Over a median follow-up of 10.1 months, six of 12 people who responded to treatment remain progression-free, two of whom had been followed for at least a year.
Robert Reinknecht was among the advanced multiple myeloma patients treated with the GPRC5D-targeted therapy in the trial.
A year later, Reinknecht is doing well and enjoying retirement. “I feel very lucky about everything. Thank God there are brilliant scientists and doctors who have been working on this. If it had happened to me 20 years ago, I don’t think I’d be alive,” Reinknecht said.
The new Phase 1 trial is evaluating the safety of MCARH109, a GPRC5D-targeted therapy, in advanced myeloma patients in combination with MCARH125 — a BCMA-targeted CAR T-cell therapy — or MCARH125 alone.
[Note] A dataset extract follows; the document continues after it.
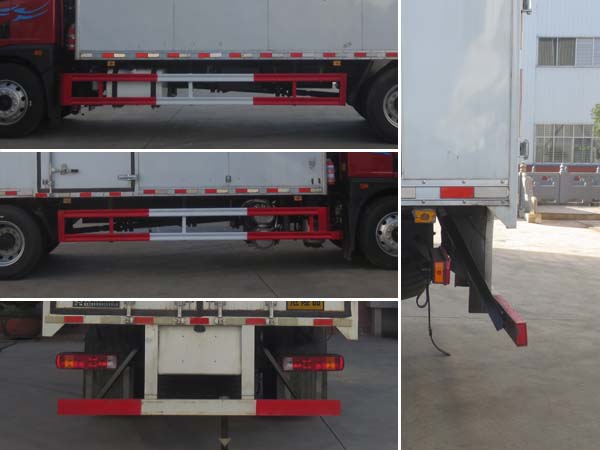 | EBS生產(chǎn)廠家/型號(hào):克諾爾制動(dòng)系統(tǒng)(大連)有限公司/EBS 5;安裝有限速裝置;限速裝置限速(km/h):80;安裝有具有衛(wèi)星定位功能的行駛記錄儀;選裝描述:隨底盤選裝駕駛室;隨底盤選裝電瓶、尿素罐、儲(chǔ)氣筒、油箱、后處理安裝位置;廂體側(cè)面選裝開門型式和位置;選裝瓦楞板結(jié)構(gòu)廂體及開門型式和位置;選裝后部結(jié)構(gòu);該車選裝ETC車載裝置;選裝起重尾板(收起狀態(tài)水平長度為290mm),尾板質(zhì)量為550kg;發(fā)動(dòng)機(jī)/油耗值(L/100km)對應(yīng)關(guān)系為:CA6DLD-22E6/26.53;所用材料材質(zhì)、連接方式以及后部防護(hù)裝置的主要尺寸參數(shù)(斷面尺寸和離地高度):側(cè)面防護(hù)及后下部防護(hù)裝置材料材質(zhì):Q235,連接方式:焊接加螺栓連接;后下部防護(hù)裝置斷面尺寸(寬×高):50×120(mm),離地高度:450mm;選裝圓形后防護(hù),斷面尺寸(直徑):Φ120(mm),離地高度:450mm.車廂頂部封閉且不可開啟;運(yùn)輸**容器(瓶)包裝的貨物;危險(xiǎn)貨物類項(xiàng)號(hào):2.1,2.2;其他說明:該車為危險(xiǎn)品貨物運(yùn)輸車;僅采用前輪盤式制動(dòng)器,前置排氣管,子午線輪胎;后軸為空氣懸架;轉(zhuǎn)向輪安裝爆胎應(yīng)急防護(hù)裝置; | |||
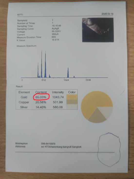 กรอบทองมือ2 ทรงเสมา น้ำหนักประมาณ 1.39 กรัม เปอร์เซ็นต์ทองประมาณ 65%

“We are continuing to explore possible combination approaches with this therapy as well as understand how resistance may develop,” Mailankody said. “Having an experimental treatment for patients just three years after a lab discovery is pretty remarkable — a clear sign that progress against multiple myeloma is picking up speed.”
Juno is also sponsoring a separate Phase 1 trial (NCT04674813) to evaluate CC-95266, another GPRC5D CAR T-cell therapy, in up to 77 people with relapsed or refractory multiple myeloma. The study is enrolling eligible adults at sites across the U.S.